Hiroichi Ozaki1, Elena A Govorkova, Chenghong Li, Xiaoping Xiong, Robert G Webster, Richard J Webby.   

Abstract

Influenza A viruses are the cause of annual epidemics of human disease with occasional outbreaks of pandemic proportions. The zoonotic nature of the disease and the vast viral reservoirs in the aquatic birds of the world mean that influenza will not easily be eradicated and that vaccines will continue to be needed.
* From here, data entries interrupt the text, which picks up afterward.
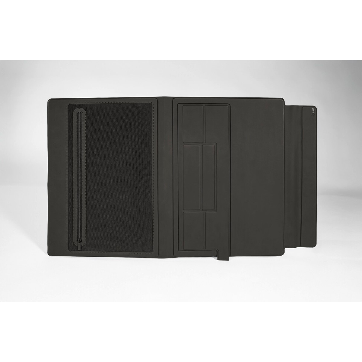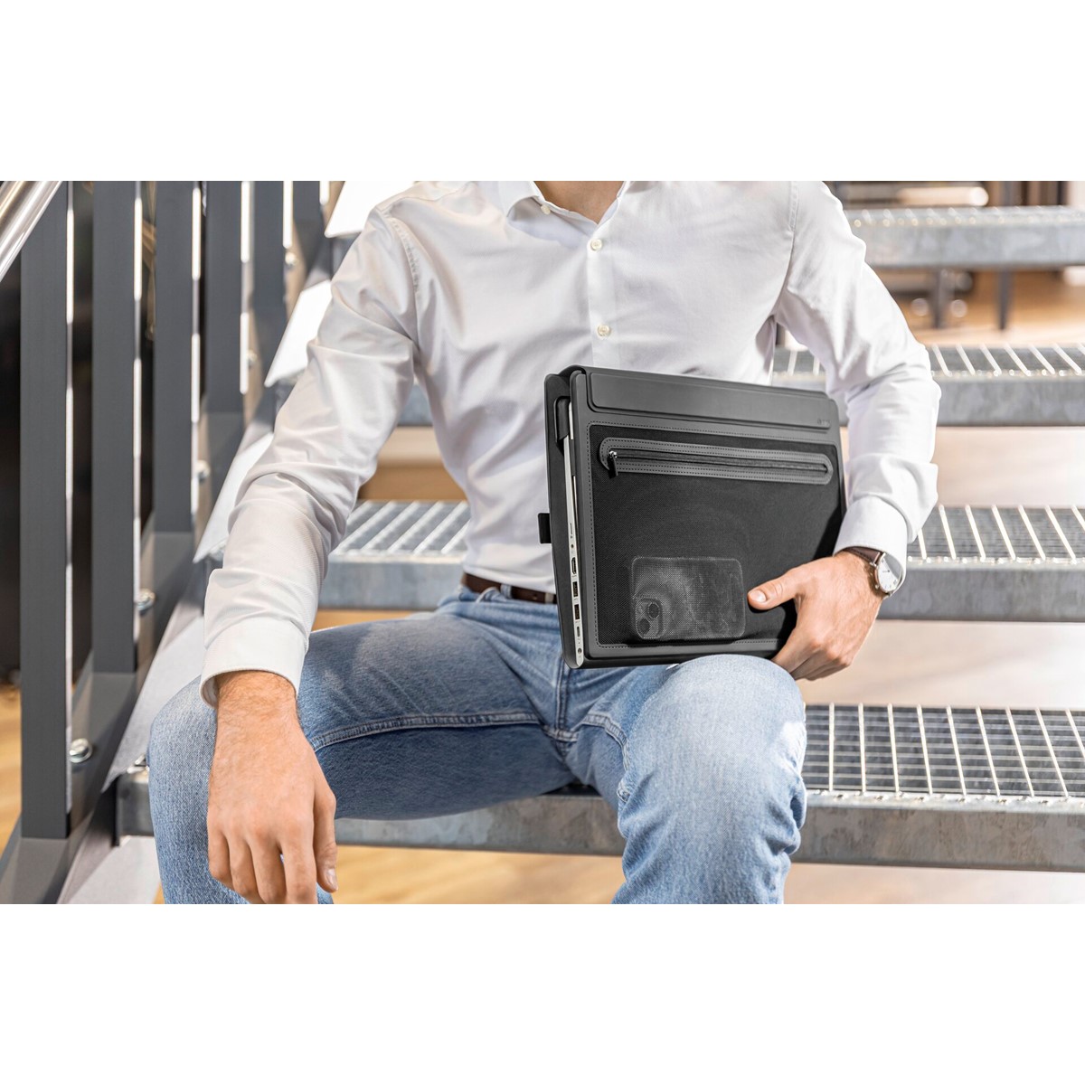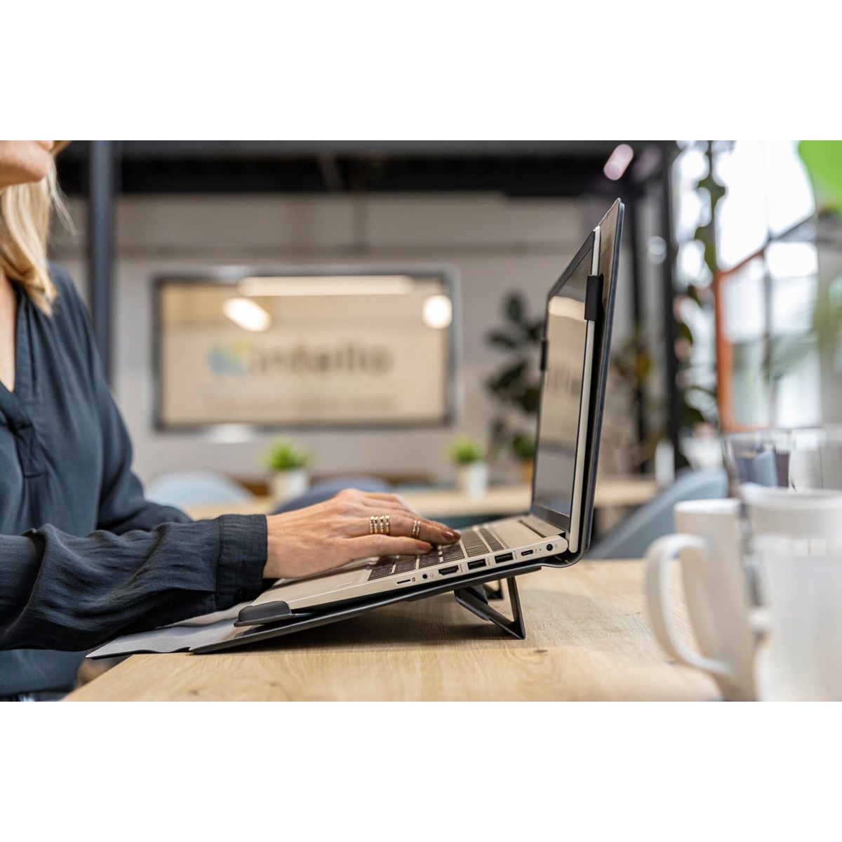 Einfach aufstellen und loslegen: am Schreibtisch im Büro oder Homeoffice, im Meetingraum, unterwegs im Zug oder wo immer Sie mobil arbeiten möchten. Nach Benutzung verschließt eine Klappe mit verdecktem Magnetverschluss das Case zuverlässig.
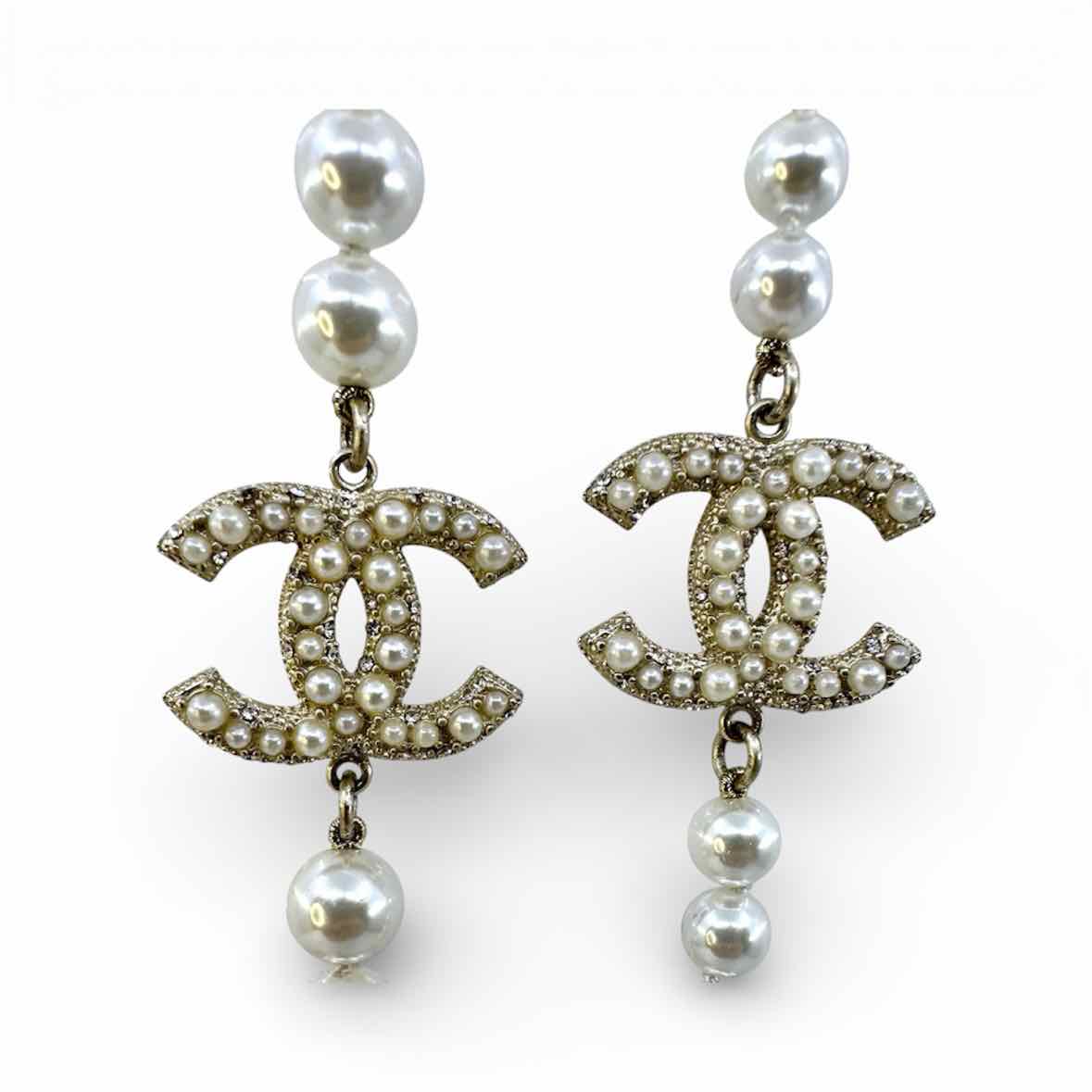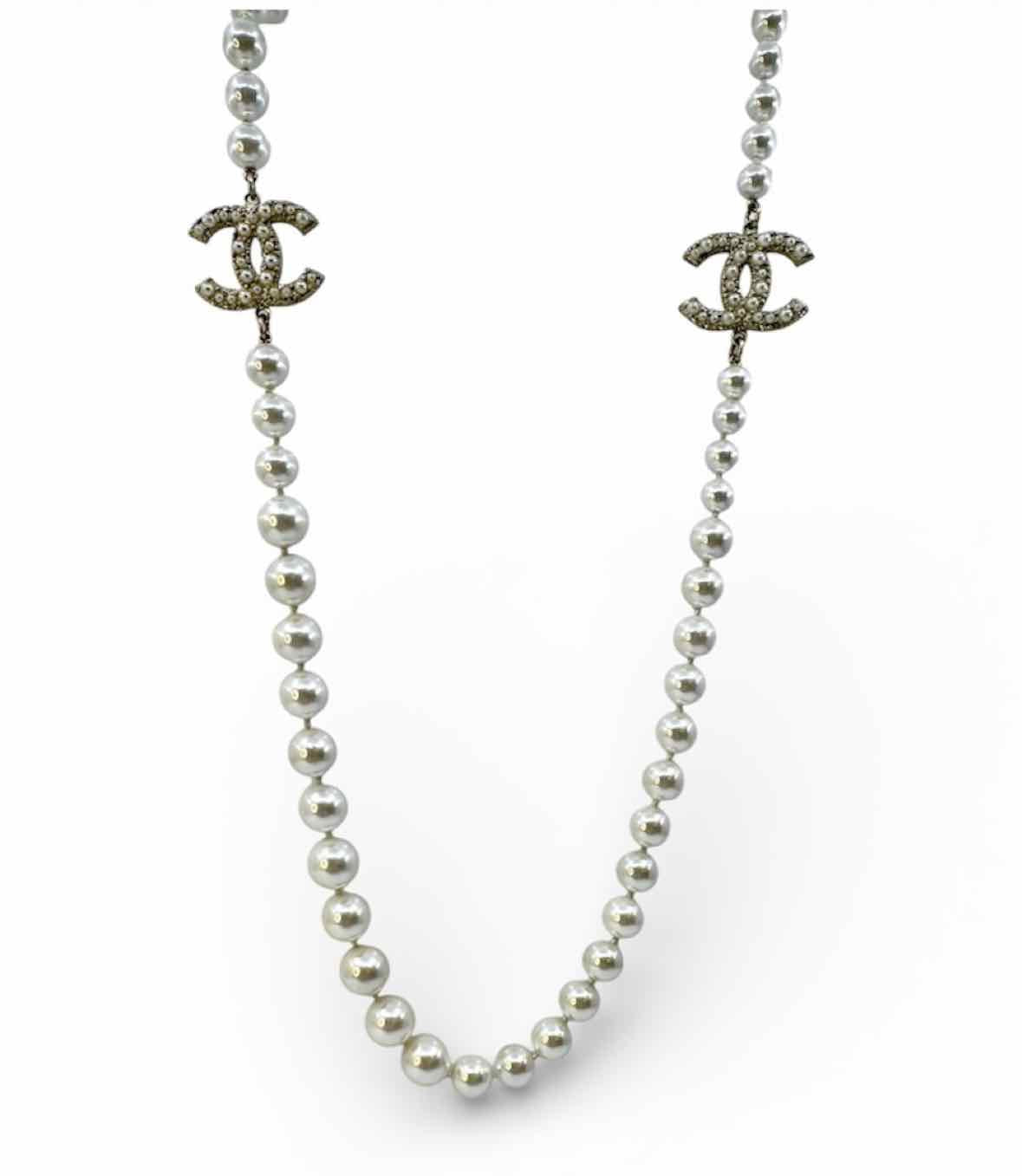 Autumn 2013 W/ BOX Gold CC Graduated opera length Pearl Necklace. 100 Yr Anniversary, Limited Edition. 2 large CC's with pearls and rhinestones.
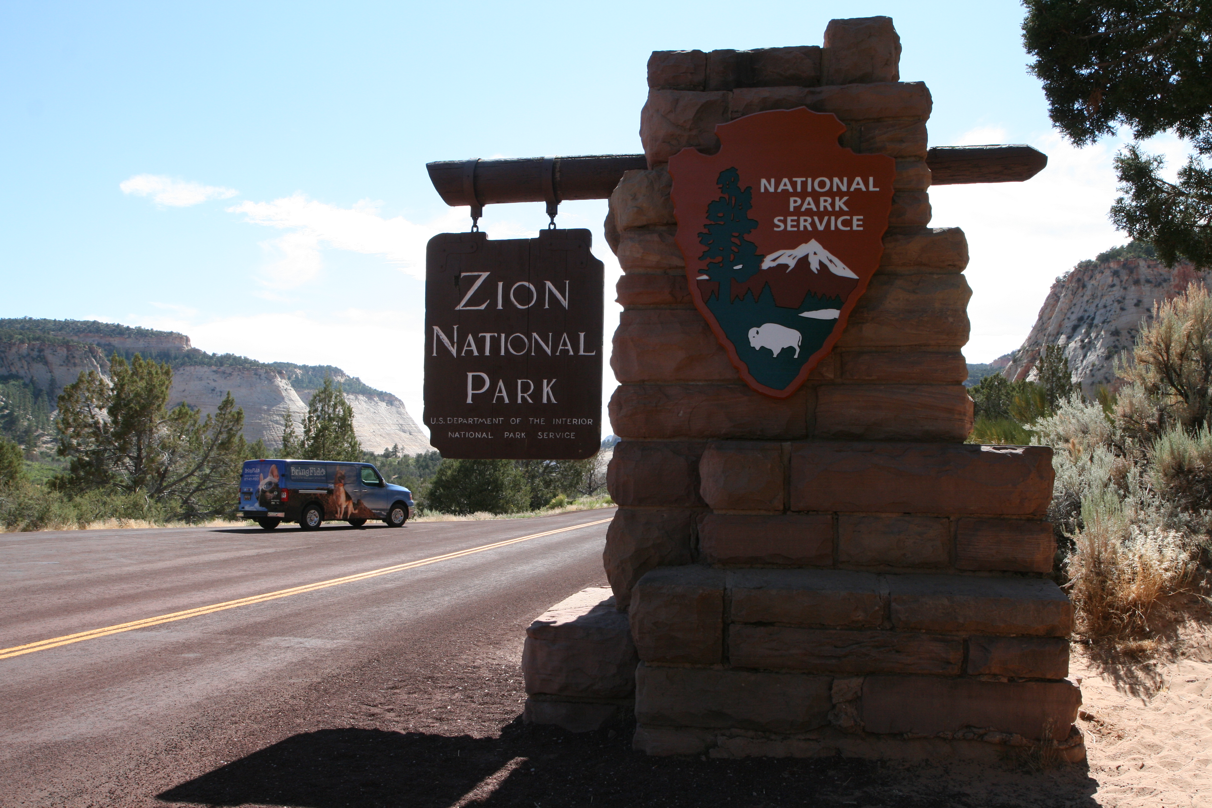 Take in the beauty of Zion National Park from the comfort of your car on the Zion-Mount Carmel Highway. You and Fido can enjoy the stunning landscapes and wildlife viewing on the road before stretching your legs on the Pa'rus Trail.

Recent technological advances in reverse genetics methods and limitations of the conventional production of vaccines by using eggs have led to a push to develop cell-based strategies to produce influenza vaccine. Although cell-based systems are being developed, barriers remain that need to be overcome if the potential of these systems is to be fully realized. These barriers include, but are not limited to, potentially poor reproducibility of viral rescue with reverse genetics systems and poor growth kinetics and yields. In this study we present a modified A/Puerto Rico/8/34 (PR8) influenza virus master strain that has improved viral rescue and growth properties in the African green monkey kidney cell line, Vero. The improved properties were mediated by the substitution of the PR8 NS gene for that of a Vero-adapted reassortant virus. The Vero growth kinetics of viruses with H1N1, H3N2, H6N1, and H9N2 hemagglutinin and neuraminidase combinations rescued on the new master strain were significantly enhanced in comparison to those of viruses with the same combinations rescued on the standard PR8 master strain. These improvements pave the way for the reproducible generation of high-yielding human and animal influenza vaccines by reverse genetics methods. Such a means of production has particular relevance to epidemic and pandemic use.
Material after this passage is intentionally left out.